09 de julho de 2026
Política

Polêmica do IPTU Progressivo vai a voto

Vinicius Lousada
| Tempo de leitura: 3 min

A Câmara Municipal terá de decidir, na próxima segunda-feira, em plenário, se haverá nova votação ou não para o projeto que quer instituir em Bauru o IPTU Progressivo no tempo para os imóveis das regiões Centro e Sul que não cumprirem sua função social. Isso porque a Comissão de Justiça acolheu o recurso apresentado pelos autores da proposta questionando a proclamação de rejeição do projeto pela não obtenção de 11 votos (maioria qualificada).

A necessidade de que uma nova votação do projeto aconteça foi pontuada por Renato Purini (PMDB). O vereador foi o ?fiel na balança? da decisão da Comissão, que contava com votos favoráveis ao recurso dos dois coautores do projeto, José Roberto Segalla (DEM) e Roque Ferreira (PT). O relator do recurso, Moisés Rossi (PPS) defendeu a manutenção do quorum de 11 votos para a aprovação do IPTU Progressivo. Como o presidente do grupo, Marcelo Borges (PSDB), só vota em caso de desempate na avaliação do requerimento na Comissão, por maioria, ficou decidido que os 16 vereadores terão de decidir se o projeto do IPTU precisa de 9 ou 11 votos para virar lei.

Roque não participou da reunião, pois viajou a Brasília, onde participa nos próximos dias do Congresso Nacional do PT. O vereador, porém, deixou por escrito seu voto contrário ao parecer de Moisés Rossi. Segalla acompanharia o voto do petista, mas resolveu seguir o de Purini. Apesar de ambos serem favoráveis ao recurso, o segundo recomendava uma nova votação do IPTU Progressivo caso os demais parlamentares também entendessem que o projeto pode ser aprovado com apenas 9 votos.


Dúvida


O líder do governo, Renato Purini (PMDB), é favorável ao IPTU Progressivo, mas ficou balançado com os argumentos apontados por Moisés Rossi em seu parecer.

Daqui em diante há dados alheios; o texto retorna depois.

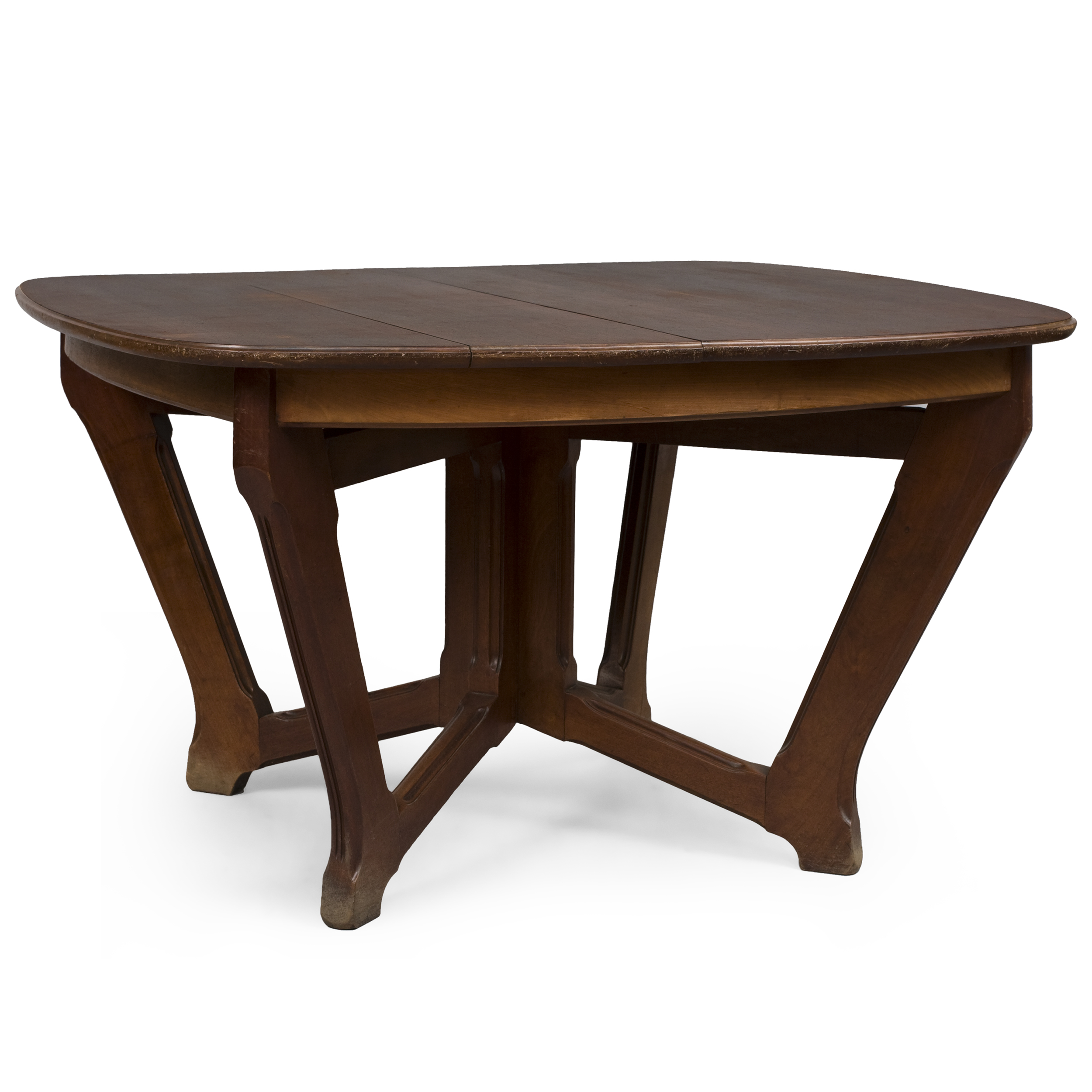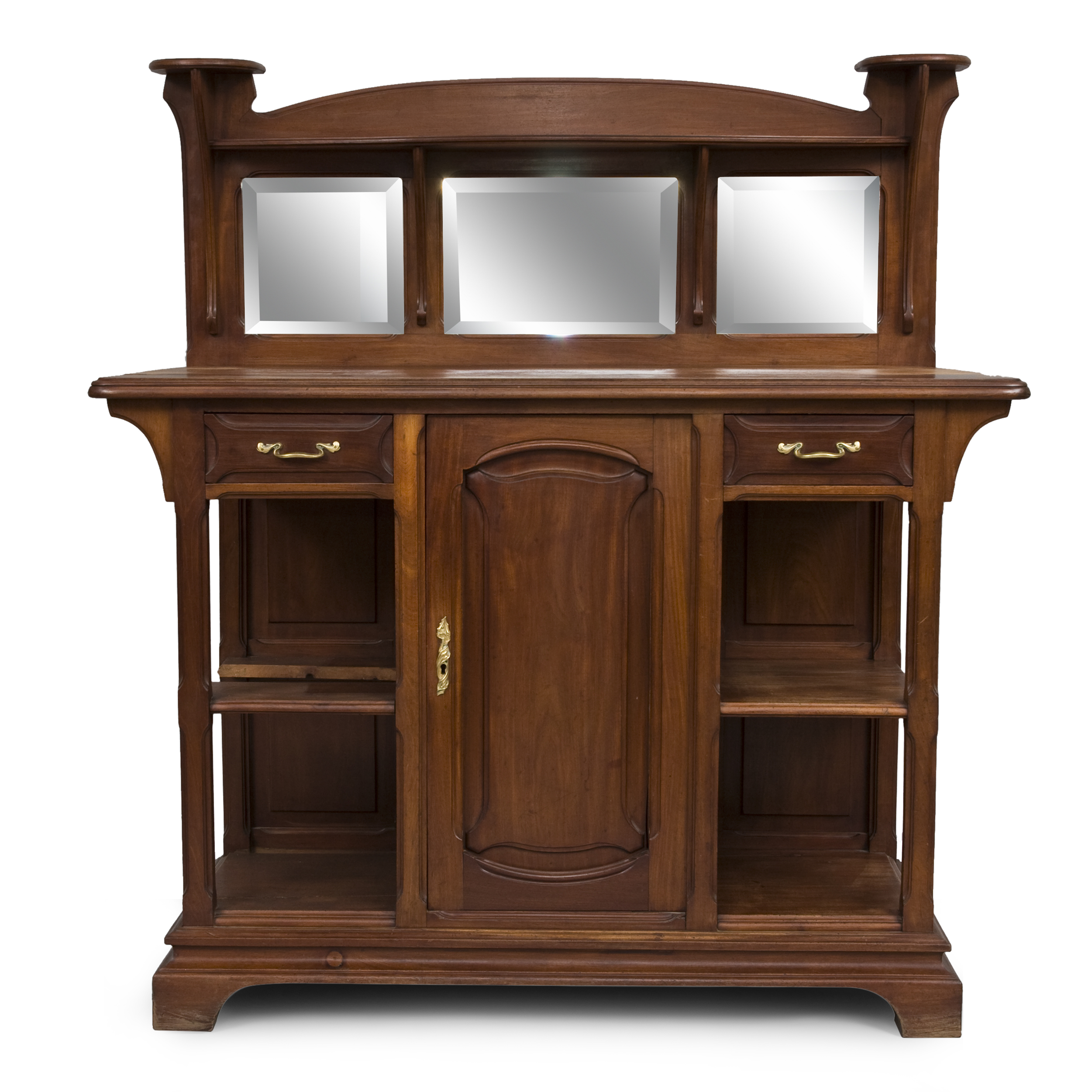 Полубуфет, стол и шесть стульев. Орех, массив, кожа, зеркала с фацетом, Франция, начало ХХ века, размеры (в/ш/г): полубуфет - 144 х 133 х 45 см,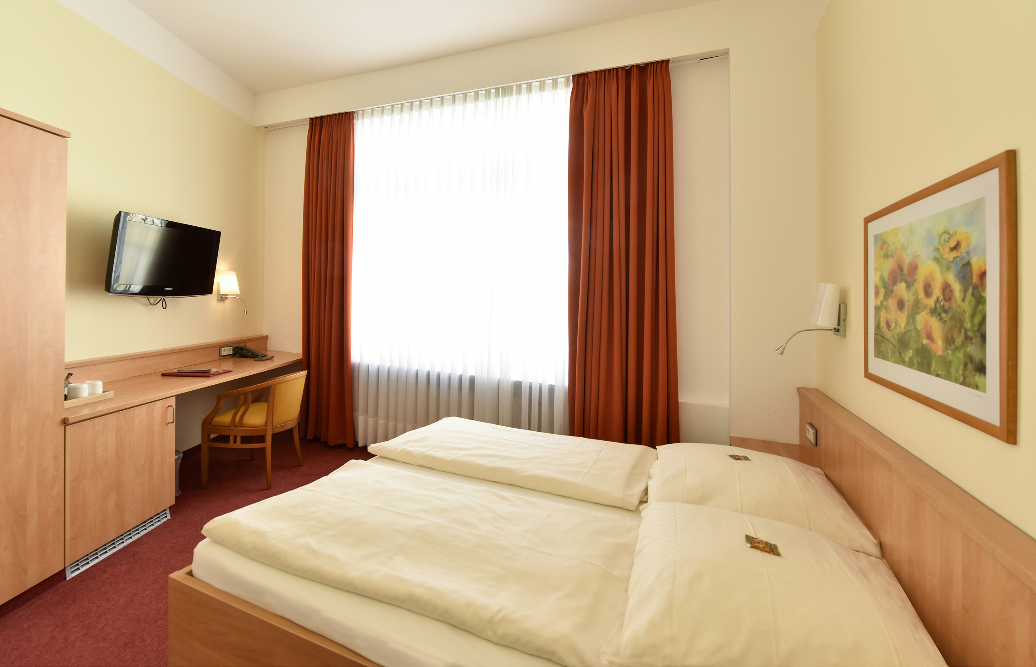 Unsere Doppelzimmer sind 16 bis 20 qm groß und mit einem französischen Bett (160 cm Breite) oder zwei getrennt stehenden Einzelbetten (TWIN-Kategorie) ausgestattet. Zimmer zur Einzelnutzung sind identisch ausgestattet und haben teilweise Einzelbetten.

Divergindo do recurso apresentado pelos coautores do projeto, o relator da Comissão de Justiça afirma que o projeto utiliza o imposto apenas como forma punitiva para quem não fizer o uso devido do imóvel urbano, não lhe atribuindo a função social devida. Segundo Moisés, essa questão versa sobre o zoneamento urbano. "Ele não cria um imposto. O IPTU Progressivo procura regular o uso do espaço urbano, tanto que define uma área para abrangência", explicou.

Rossi pontuou ainda que é necessário muito cuidado para que projetos apresentados com uma finalidade não sejam camuflados a fim de que sejam aprovados sem o quórum de votos mínimos exigidos pela lei.


Contra-argumento


José Roberto Segalla, por sua vez, entende que o IPTU Progressivo não implica em alterações no zoneamento urbano. "Não diz que determinado imóvel ou área tem que ser comercial ou residencial. Não tem nada de zoneamento", pontuou.

Renato Purini concordou com o jurista, mas negociou a existência de uma nova votação e não a aprovação automática da matéria, caso a Câmara, na próxima, segunda-feira, acolha a posição da Comissão de Justiça.

Em uma nova votação do IPTU Progressivo, o projeto seria aprovado com apenas nove votos. Na segunda-feira retrasada, a proposta recebeu o apoio de 10 parlamentares. No entanto, há também a possibilidade de que o plenário não concorde com a comissão, caso vereadores favoráveis ao projeto defendam o quórum de dois terços para sua aprovação.